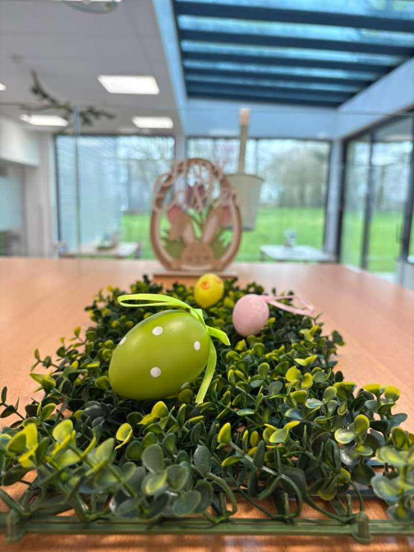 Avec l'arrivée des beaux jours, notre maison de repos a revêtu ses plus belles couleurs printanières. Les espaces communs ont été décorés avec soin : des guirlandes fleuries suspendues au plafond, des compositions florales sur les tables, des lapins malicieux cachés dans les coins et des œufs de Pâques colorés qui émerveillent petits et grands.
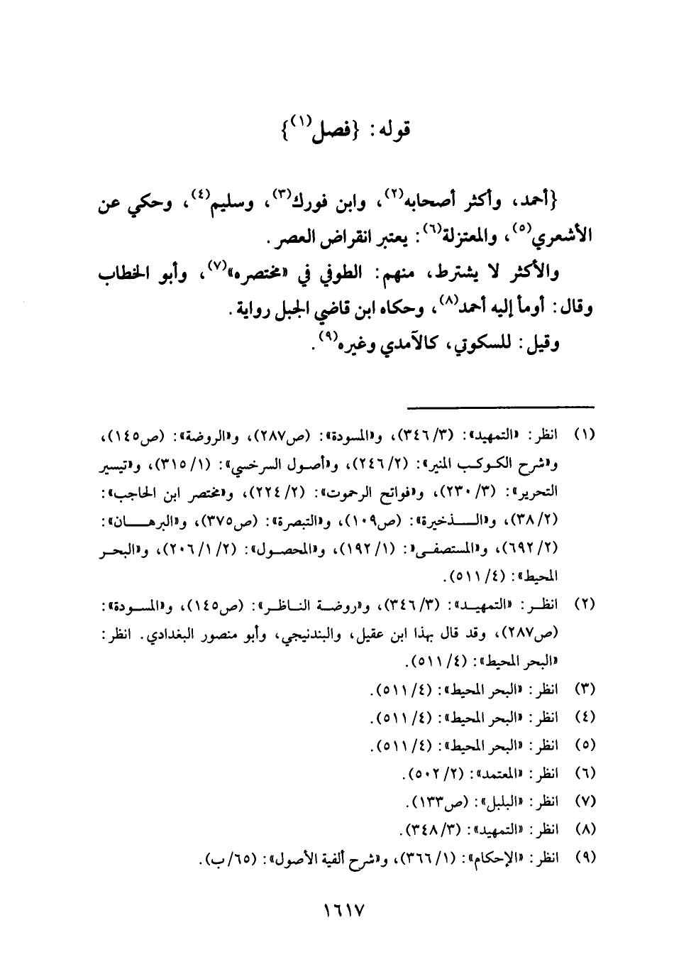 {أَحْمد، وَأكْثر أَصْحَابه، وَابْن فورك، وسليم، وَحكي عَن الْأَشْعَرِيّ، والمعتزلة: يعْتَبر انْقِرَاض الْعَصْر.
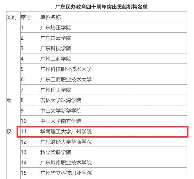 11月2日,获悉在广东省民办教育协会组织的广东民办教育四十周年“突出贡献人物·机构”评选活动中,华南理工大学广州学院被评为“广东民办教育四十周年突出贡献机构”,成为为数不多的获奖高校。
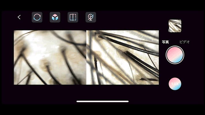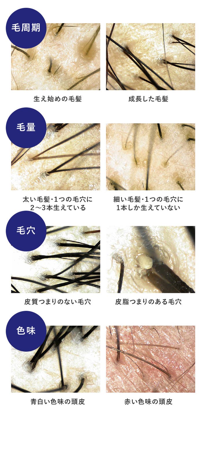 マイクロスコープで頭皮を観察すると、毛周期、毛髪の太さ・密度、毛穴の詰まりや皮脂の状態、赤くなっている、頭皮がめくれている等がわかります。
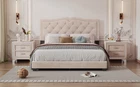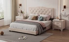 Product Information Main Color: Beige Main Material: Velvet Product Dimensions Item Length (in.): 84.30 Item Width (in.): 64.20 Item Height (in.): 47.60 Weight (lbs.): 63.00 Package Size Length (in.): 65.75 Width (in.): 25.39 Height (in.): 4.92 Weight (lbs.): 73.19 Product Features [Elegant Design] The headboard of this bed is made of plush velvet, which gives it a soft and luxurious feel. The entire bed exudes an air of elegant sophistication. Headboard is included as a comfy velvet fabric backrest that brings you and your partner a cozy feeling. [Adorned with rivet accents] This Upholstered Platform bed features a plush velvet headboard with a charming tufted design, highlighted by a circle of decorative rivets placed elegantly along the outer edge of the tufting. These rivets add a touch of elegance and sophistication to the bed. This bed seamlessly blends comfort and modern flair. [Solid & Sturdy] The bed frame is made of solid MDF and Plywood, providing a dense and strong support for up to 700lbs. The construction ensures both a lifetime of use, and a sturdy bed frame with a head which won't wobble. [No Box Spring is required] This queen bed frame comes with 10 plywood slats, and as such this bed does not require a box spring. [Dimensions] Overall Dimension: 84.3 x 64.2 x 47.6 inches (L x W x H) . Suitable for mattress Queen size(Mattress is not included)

▬▬▬▬▬▬▬▬▬▬

WORK TO COMPLETE
Using the material above, reproduce only the lines that run from the line with "11月2日,获悉在广东省民办" up to and including the line with "マイクロスコープで頭皮を観察", exactly, with the pictures dropped.

EXERCISE SOLUTION
 11月2日,获悉在广东省民办教育协会组织的广东民办教育四十周年“突出贡献人物·机构”评选活动中,华南理工大学广州学院被评为“广东民办教育四十周年突出贡献机构”,成为为数不多的获奖高校。
 マイクロスコープで頭皮を観察すると、毛周期、毛髪の太さ・密度、毛穴の詰まりや皮脂の状態、赤くなっている、頭皮がめくれている等がわかります。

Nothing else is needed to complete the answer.